Predictors of healing, when LDI mean flux measurement is included, based on 310 burn areas for which flux measurements were available.

Parameter | $\stackrel{\u02c6}{\beta}$ | se | se* | p-value 1 | p-value 2 |
---|---|---|---|---|---|

| -0.292 | 0.764 | 1.115 | 0.77 | 0.79 |

| 5.826 | 0.912 | 1.515 | 0.008 | 0.00012 |

Burn site 2 (extremity) | 0.635 | 0.626 | 0.685 | 0.34 | 0.35 |

Burn site 3 (torso) | 0.192 | 0.705 | 0.956 | 0.79 | 0.84 |

Burn site 4 (face) | 0.580 | 1.384 | 8.19 | 0.78 | 0.94 |

Gender (female) | -1.979 | 0.597 | 0.793 | 0.023 | 0.012 |

Race (black) | -1.579 | 1.373 | 5.99 | 0.376 | 0.792 |

Age (yrs) | -0.0002 | 0.012 | 0.014 | 0.993 | 0.990 |

(Age - 35) | -0.0008 | 0.0004 | 0.00094 | 0.191 | 0.280 |

%TBSA | 0.048 | 0.039 | 0.048 | 0.272 | 0.3248 |

Log of mean flux | 9.367 | 1.190 | 2.35 | .012 | 0.00007 |

Including a random effect as in (2), when gender is omitted and only mean flux is used as a predictor, a drop in minus log-likelihood from 73.56 to 69.21 is obtained on including the random effect, which is thus clearly significant (p-value of significance test is 0.0016). The standard error of the random effect was estimated as 1.91. However, on including gender as a covariate, minus the log-likelihood then fell from 63.44 to 62.10, giving a non-significant random effect (p-value of 0.052). The standard error was 1.38, a little lower. It seems that once gender is included as a covariate, the random effect is no longer needed. This suggests that covariates that retard healing and were not available in the dataset, such as smoking and obesity, might also be irrelevant once blood flow measured as mean flux is known.

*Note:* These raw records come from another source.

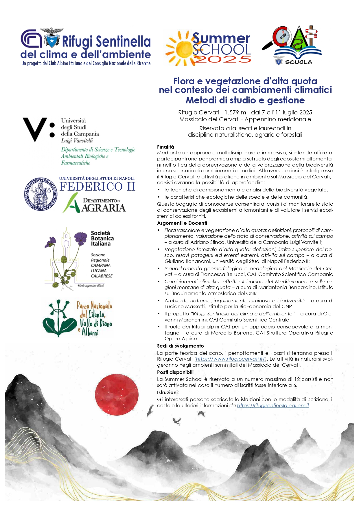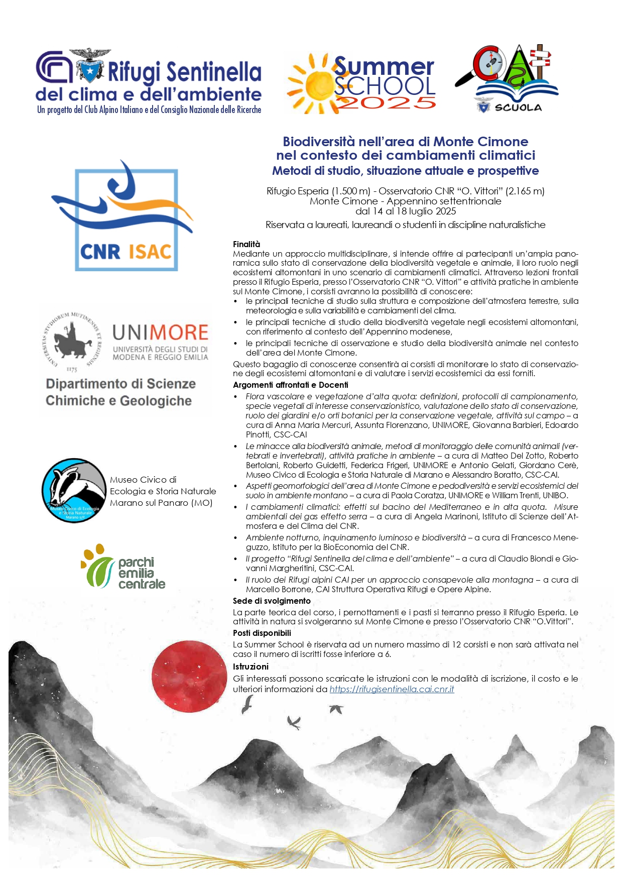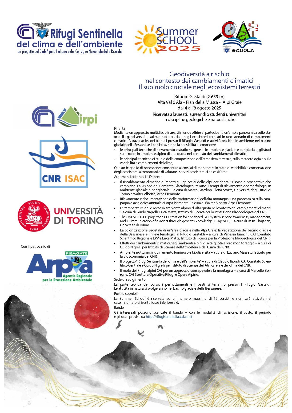 Nell’ambito del progetto “Rifugi Sentinella del clima e dell’ambiente in collaborazione con Cai Scuola, sono state calendarizzate le prime 3 Summer School 2025 che utilizzano i rifugi, con attività scientifiche attente ai cambiamenti climatici in ambiente montano.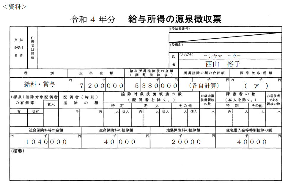 ライフプランニング実技2023年5月問35バランスシートFP2級 2023年5月 実技 問35 FPの駒田さんは、まず2023年4月1日現在における西山裕子さんのバランスシート分析を行うこととした。下表の空欄(ア)に入る数値を計算しなさい。 回答を入力解答する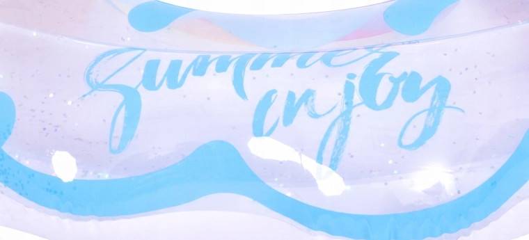Průhledné PVC s barevnými pruhy a lesklými flitry zaručí, že budete na vodě nepřehlédnutelní – zábava a styl v jednom.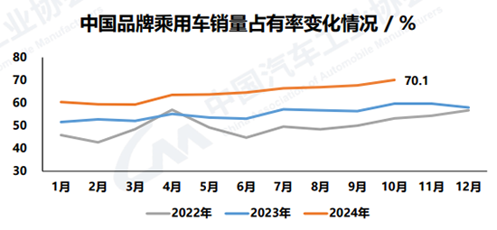 值得一提的是,中国品牌乘用车市场占有率进一步提升,年内首次达到70%以上。10月,中国品牌乘用车销售193.1万辆,同比增长30%,市场占有率达70.1%,较上年同期上升10.4个百分点;1-10月累计销量1384.9万辆,同比增长21.2%,市场占有率为64.6%。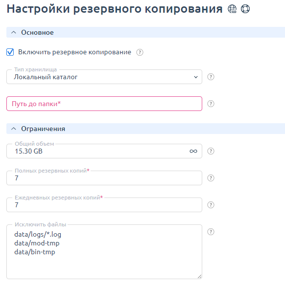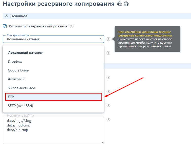 Параметры Порт FTP и Путь до бэкапов оставьте без изменений.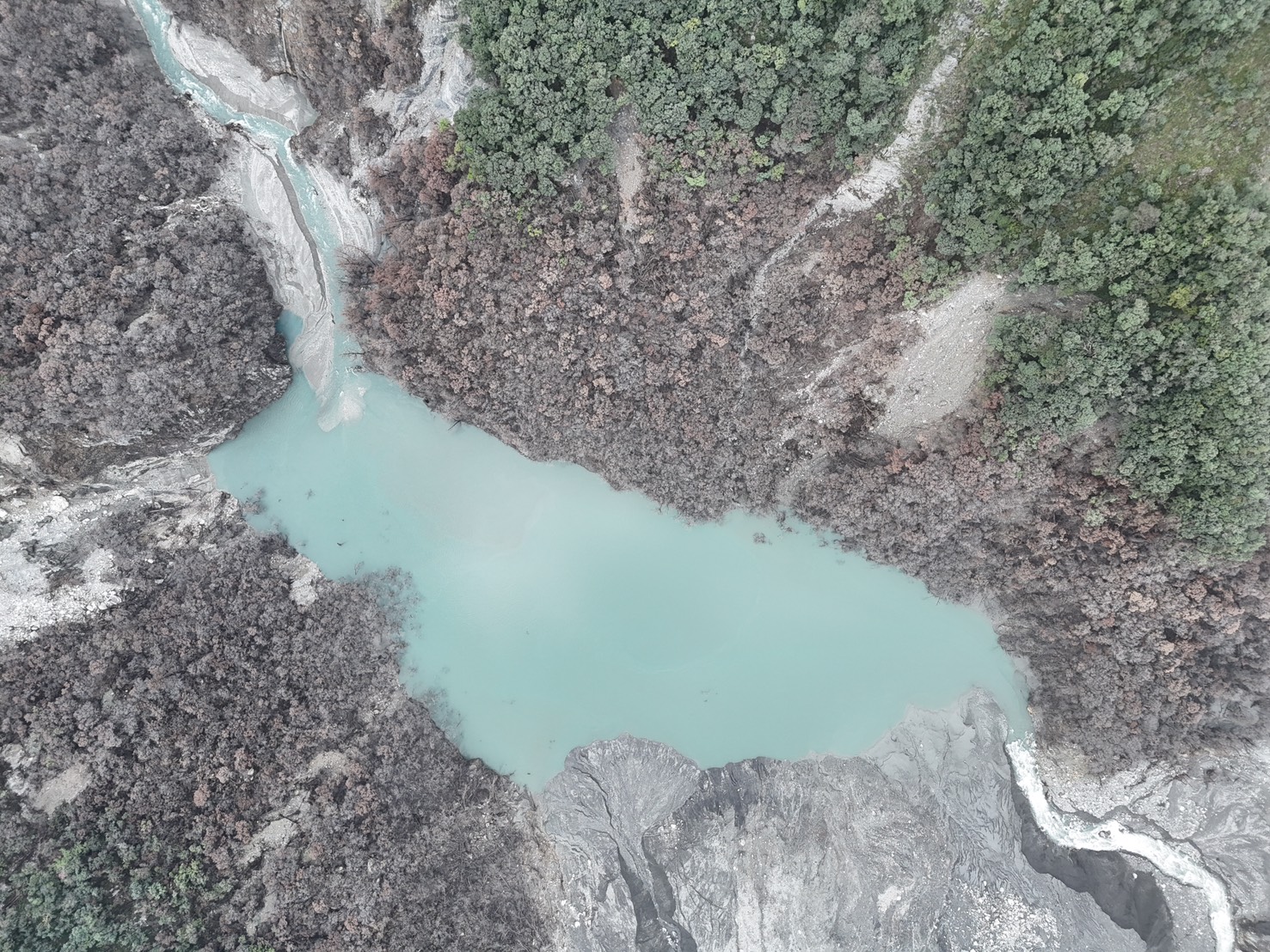 馬太鞍溪堰塞湖水位穩定下降 林業保育署持續密切監控壩體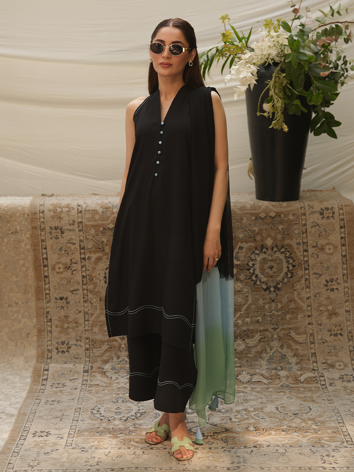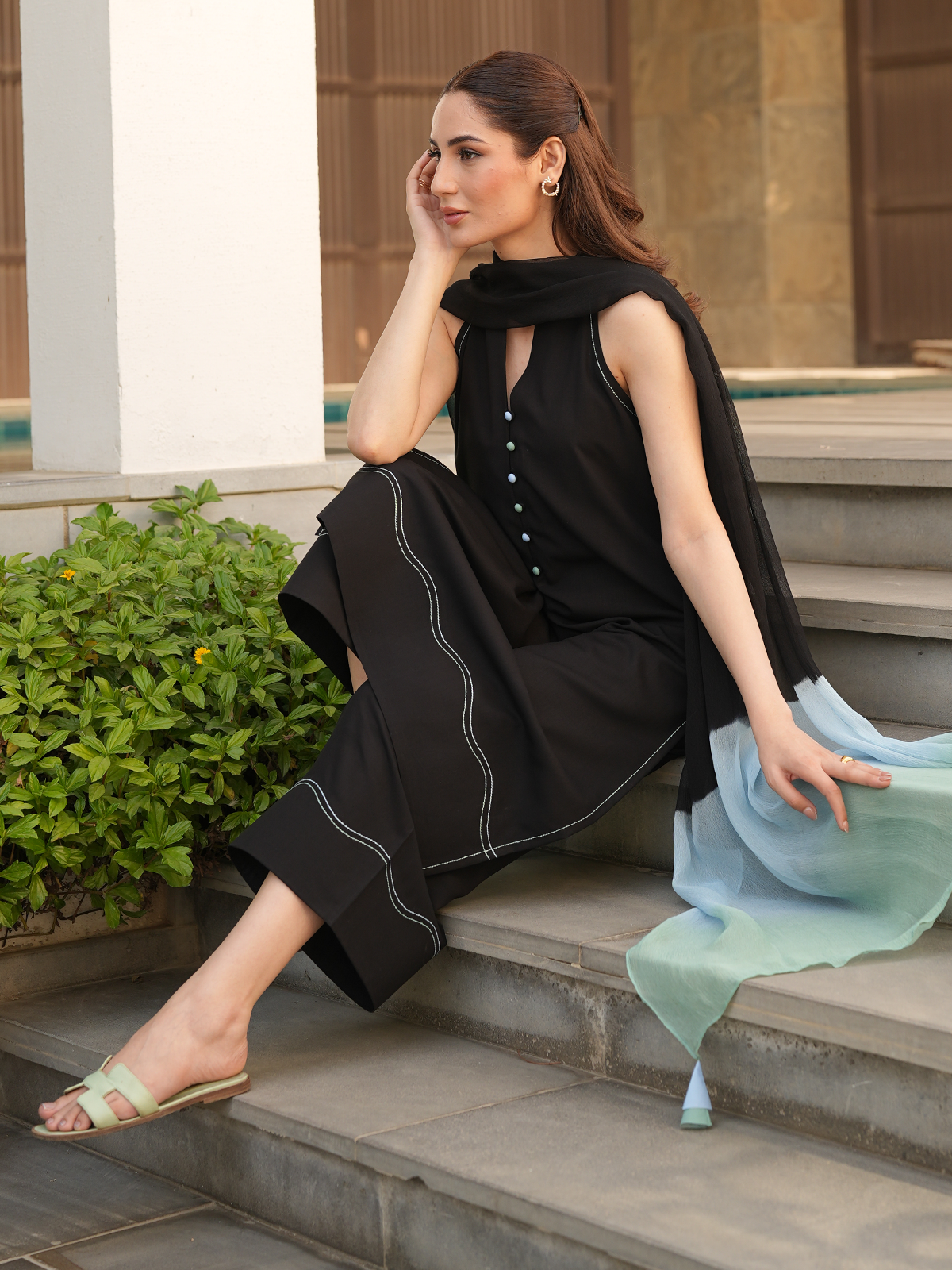 A halter neck black linen set with kaantha line embroidery in shades of pastel green and blue, azaar pants with kaantha stitch and a dip dyed dupatta.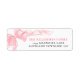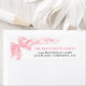 Den här söta etiketten för returadress har en mjuk rosa akvarellslinga i det övre vänstra hörnet för en söt, stilren touch. Namnet är tryckt i rosa med ett klassiskt serif-teckensnitt, medan adressen visas nedan i ren svart serif-text för enkel läsbarhet. Enkel men charmig, denna design ger en polerad look till kuvert för födelsedagar, fester eller något tillfälle där en söt rosa slinga passar temat. All text, teckensnitt och färger kan anpassas för att matcha din personliga stil.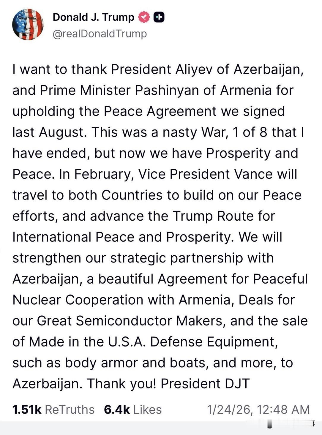 🇦🇿🇦🇲⚡️ — 美国总统特朗普: “我要感谢阿塞拜疆总统阿利耶夫和亚美尼亚总理帕希尼扬,他们坚持执行我们去年(2025年)8月签署的《和平协议》。这场战争非常残酷,是我结束的八场战争之一,但如今我们迎来了繁荣与和平。 (2026年)2月,副总统万斯将访问两国,继续推进我们的和平努力,并推进特朗普国际和平与繁荣路线图。 我们将加强与阿塞拜疆的战略伙伴关系,与亚美尼亚达成和平核合作的美好协议,为我们的半导体巨头达成交易,并向阿塞拜疆出售美国制造的国防设备,如防弹衣、船只等更多产品。”
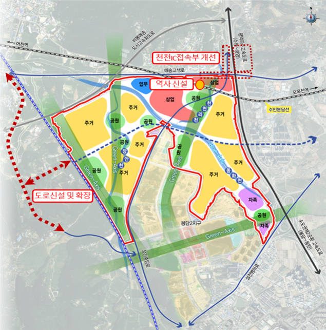 ㅇ (개발방향) 봉담2지구와 연계한 가로망체계 및 보행녹지축 등을 구축하여 통합적인 도시공간체계 구축*
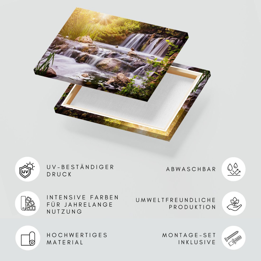 Obraz na płótnie z motywem wodospad, natura, woda to kwintesencja estetyki i trwałości. Dzięki łatwemu montażowi i uniwersalnemu wzornictwu, czyni go idealnym wyborem zarówno do codziennego użytku, jak i na wyrafinowany prezent.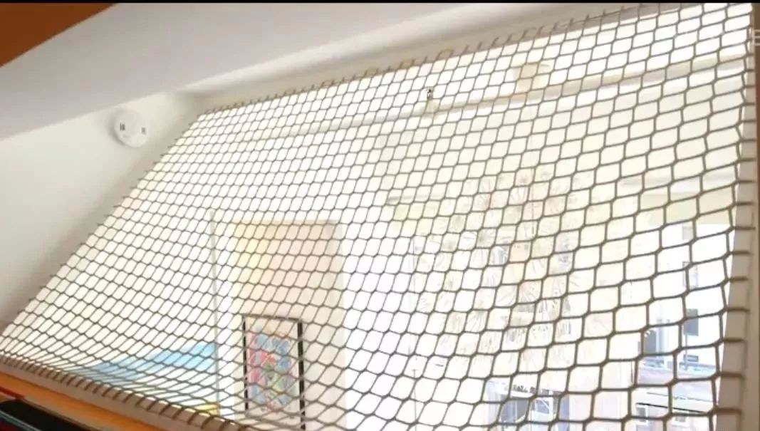 Alex房间的楼梯虽然就是常规的爬梯的样子,但在他房间的上方有一张斜拉的网: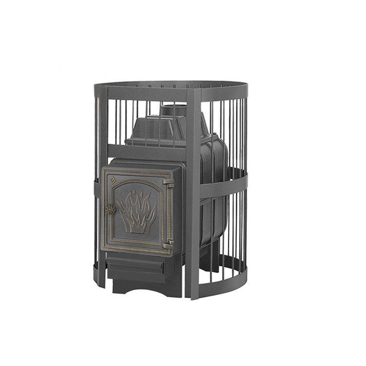 В этой модели дровяной печи-каменки не предусмотрен вынос топки. У такого решения есть свои преимущества – например, снижаются затраты на изоляцию помещения. А некоторым потребителям просто удобнее загружать дрова непосредственно из парилки. В целом модель обладает хорошей тепловой мощностью. Она рассчитана на обогрев парильного помещения объемом до 24 кубометров. Ее топка состоит из трех элементов, отлитых из чугуна и надежно зафиксированных с помощью болтовых соединений. Стыки герметичны, для них используется керамический шнур, рассчитанный на высокие температуры.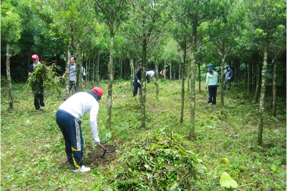 ・下草刈、肥料入れ、枝打ち、樹木札の取り付け、補植等。

To test whether the gender effect varied with age, further terms were added to the model, such as an age by gender interaction term (equal to age for females, zero for males). A permutation test was carried out, by permuting this interaction variable among individuals and finding the proportion of such random permutations for which the log-likelihood was at least as large as the observed value, when this variable was included in the model. The p-value was 0.105, showing that there is no evidence that the gender difference in healing times varies with age. Finally, we considered use of maximum and minimum logged flux, standard deviation of flux (coefficient of variation), and higher powers of the logged flux. None of these variables were statistically significant.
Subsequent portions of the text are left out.